I recently viewed a webinar hosted by Harbor Compliance & Salsa Labs entitled, “Charitable Solicitation, What Does It Take to Be Compliant?” The webinar instructor, Brock Klinger, reviewed five key areas every association should know about charitable solicitation. The following summary outlines these areas and provides important information every association should be aware of if they are engaged in charitable solicitation.
First, it’s important to understand what is meant by charitable solicitation. Simply put, solicitation is the act of asking for donations. Requirements are based on the act of soliciting regardless of whether or not actual donations are received. Common forms of solicitation include fundraising events, direct mail, phone calls, applying for grants, games of chance and online fundraising such as a donate button on your association’s website.
- State registration requirements
According to the IRS, “Many states have laws regulating the solicitation of funds for charitable purposes.

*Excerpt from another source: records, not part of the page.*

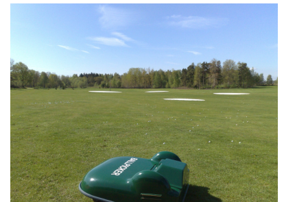
Ängsö Golf Club - Sweden

It's at the Ängsö Golf Club (Västerås – Sweden) that the first Bigmow/Ballpicker combination has been installed equipped with the Track & Trace system.
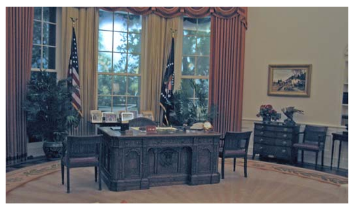
A replica of the Oval Office is at the Library
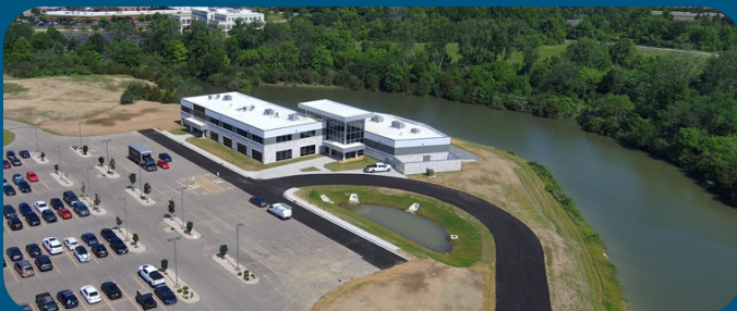
CRG – 8821 Washington Church Rd, Miamisburg 45342
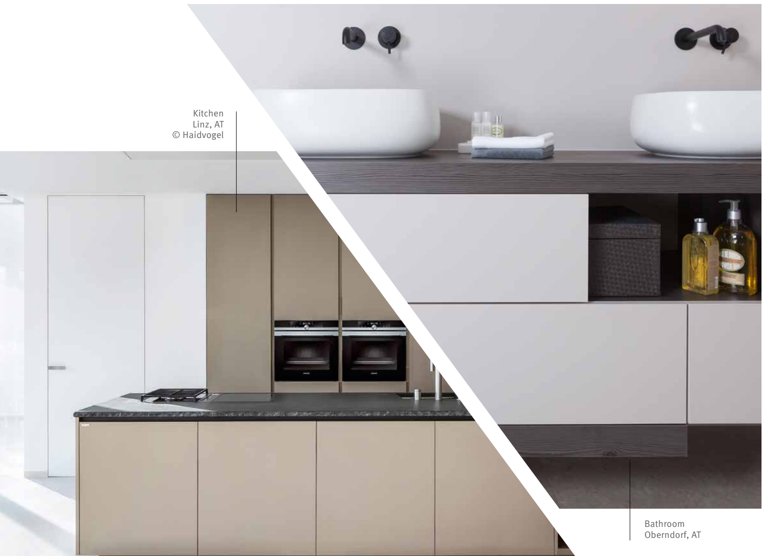
Bathroom Oberndorf, AT

These statutes generally require organizations to register with a state agency before soliciting the state’s residents for contributions, providing exemptions from registration for certain categories of organizations.” Currently, 41 states require charitable solicitation registration. It’s important to know where you are soliciting and to research the requirements for those states.
- Online fundraising
Many associations have a “donate” button on their website. A common question is whether those organizations must register in one or more states to meet charitable registration requirements. Fundraising online is generally considered soliciting nationwide because donate buttons on a website or in an online newsletter can potentially reach individuals in every state.
Further, if your association receives a donation through your website and you ask the donor to donate again in the future, this can also be construed as active solicitation. Options to consider when conducting online fundraising could be to register or file an exemption in all 41 states or to not accept online contributions from individuals in states where your association is not registered.
- Why compliance should be a priority
Associations may think that because they receive very few donations or have been fundraising a long time without being registered, that not being compliant is no big deal. However, state charity regulators are becoming more stringent in ensuring compliance. As an example, the webinar highlighted that the state of California holds nonprofit board members personally responsible for any penalties levied for failure to register.
Other potential consequences of failure to register could include state fines and penalties, bad public relations for your association, loss of state recognition of tax exemption and revocation of the right to solicit. Proactive registration is an ideal way to avoid these types of issues. It also gives donors reassurance that the organizations they are giving to are following the law.
- What it takes to register, including the costs
As a rule of thumb, associations engaged in charitable solicitation should treat registration requirements just like they would their association’s 990 filings and other annual tasks that need to be maintained and budgeted for each year. Associations should ensure that their board members understand registration requirements so that they understand the importance of compliance and can plan accordingly.
There are four main steps your association will need to take to register: research, apply, monitor and renew. Your association will need to research your current registration status, application forms, fees and documents along with other state requirements. Once your research is complete, you will need to apply. Application processing timelines vary by state and your association will need to monitor that the application is approved. Lastly, your association will need to track renewal dates and file renewal applications.
Registration filing fees vary widely by state and are often based upon the association’s revenue. According to the webinar, associations that need to register nationally could incur filing fees anywhere between $1,400 to $5,000, for most organizations, based upon their revenue.
- How to manage registrations and simplify the process
The process of researching registration requirements, filing and ensuring registration is renewed each year can take significant staff time. Firms such as Harbor Compliance offer compliance expertise and services to fully manage the registration process including tracking software for reporting to ensure associations are compliant and are meeting registration renewal deadlines.
Regardless of whether your association hires a third-party firm or handles charitable registration internally, it is very important that you understand charitable solicitation registration requirements for your association, educate your board members on this topic and work toward proactive registration to avoid putting the association at risk.